Saarland

Sexualerziehung an Schulen: Kommission übergibt Richtlinien-Entwurf an Bildungsminister Commerçon

Die vom Ministerium für Bildung und Kultur eingesetzte Arbeitsgruppe zur Überarbeitung der Richtlinien zur Sexualerziehung an saarländischen Schulen hat heute Bildungsminister Ulrich Commerçon ihren Entwurf für eine Neufassung der Richtlinien übergeben. In der Arbeitsgruppe waren neben dem Gesundheits- und Sozialministerium, dem Landesinstitut für Pädagogik und Medien auch Vertreterinnen und Vertreter des Lesben- und Schwulenverbandes Saar, der Aidshilfe Saar, von Donum Vitae und Pro Familia vertreten.

13.09.2012 Pressemeldung Ministerium für Bildung und Kultur Saarland

Bildungsminister Commerçon dankte den Mitgliedern der Kommission für ihre Arbeit. "Nach über zwanzig Jahren ist es an der Zeit, dass wir die Sexualerziehung an den Schulen den gesellschaftlichen Entwicklungen anpassen.

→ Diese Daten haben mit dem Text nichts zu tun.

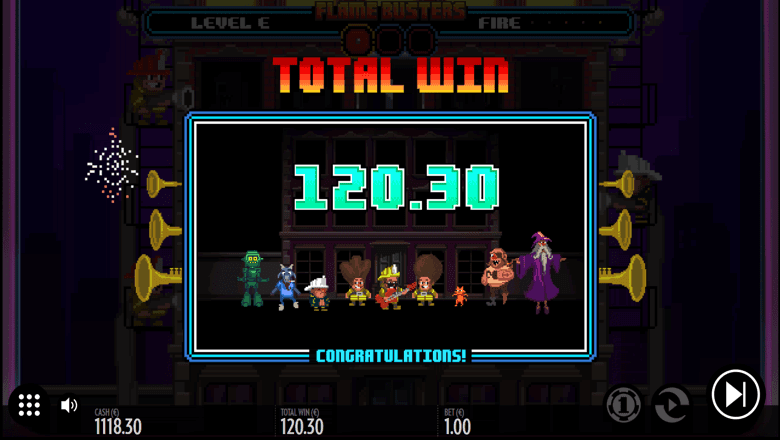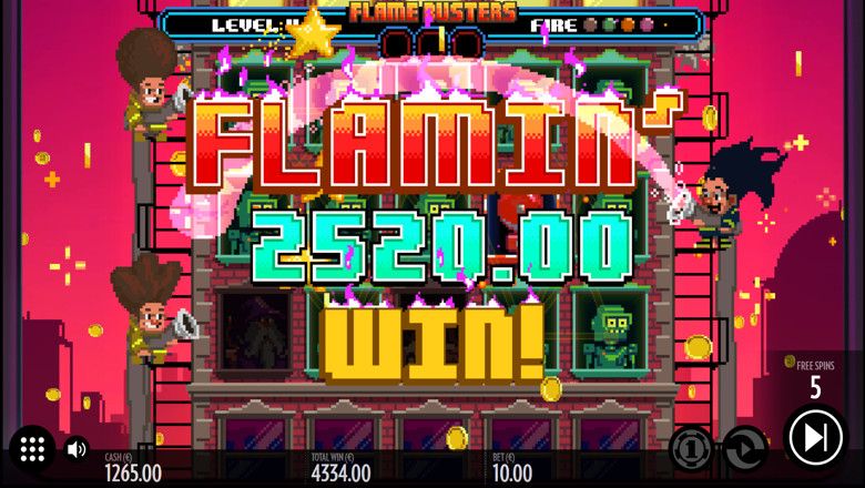 It's not all work here in Flamebusters, as landing 3 or more Scatters on the reels will activate the free spins bonus game. During the bonus game, landing additional Scatters will increase the building level by level up to an additional 5 floors of firefighting action. The flames will also engulf lower payline symbol for scorching hot rewards.

Dazu zählen die Veränderung des Rollenverständnisses von Frauen und Männern und ein zeitgemäßes Verständnis von Partnerschaft und Familie." Der Vorschlag der Kommission hebe Hetero-, Homo-, Bi-, Trans- und Intersexualität als gleichwertige Ausdrucksformen des menschlichen Empfindens und der sexuellen Identität hervor.

Die Vorschläge sollen jetzt im Rahmen einer internen und einer externen Expertenanhörung erörtert werden. "Mit der Übergabe der Vorschläge der Kommission ist die Diskussion um die neuen Richtlinien zur Sexualerziehung nicht beendet. Wir stehen am Anfang der Debatte. Deshalb ist es wichtig, dass die Vorschläge breit diskutiert werden. Aus diesem Grund werden wir den jetzt vorliegenden Entwurf nach einer juristischen Prüfung im Rahmen einer Anhörung mit Experten und weiteren Verbänden erörtern", so Commerçon abschließend.